Saturday, October 27, 2012

Mini Eggplant Pizzas

Use slices of roasted eggplant to replace the pizza crust and you have a delicious dish to please dieters, vegetarians and gourmands alike. I served it this weekend before a main course of pasta and got rave reviews.

(Serves 4–6)

1 eggplant, cut into thick slices (about ¼-inch thick)
4 teaspoons olive oil
1/2 teaspoon salt
1/8 teaspoon ground black pepper
1 14.5 oz can Del Monte Stewed Tomatoes, Italian Recipe
1 14.5 oz can Del Monte Stewed Tomatoes, Original Recipe
1 cup shredded mozzarella cheese
Fresh Basil (rinsed, dried and cut up)



Preheat the oven to 425° F. Brush both sides of the eggplant slices with the oil and season with the salt and pepper. Arrange on a baking sheet and bake until browned and almost tender, 6 to 8 minutes, turning once.

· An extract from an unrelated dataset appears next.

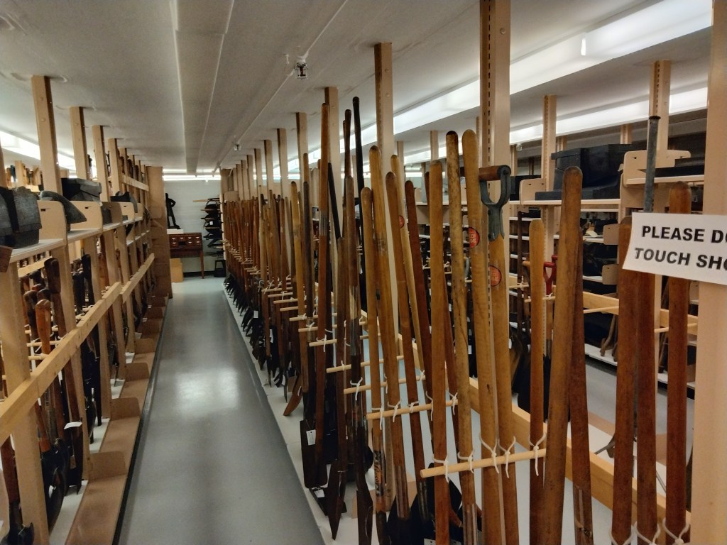 The aisles kept going and going. There were shovels made for pretty much every war in American history. There were shovels under all sorts of different brand names. Those shovels from the beginning of this section? Yeah, those are silver-plated in such a way that they never tarnish. Nicole said they still don’t know the composition of the alloy and why it maintains its shine. The shovels made by Ames were, and are, quality bits of kit.

Place the contents of the cans of stewed tomatoes in a mixer so that the tomatoes are mashed into the liquid to create a thick sauce. 

Spread a tablespoon of tomato sauce on each eggplant slice. Top with the shredded cheese. Bake until the cheese melts, 3 to 5 minutes. Sprinkle fresh basil on the top. Serve hot.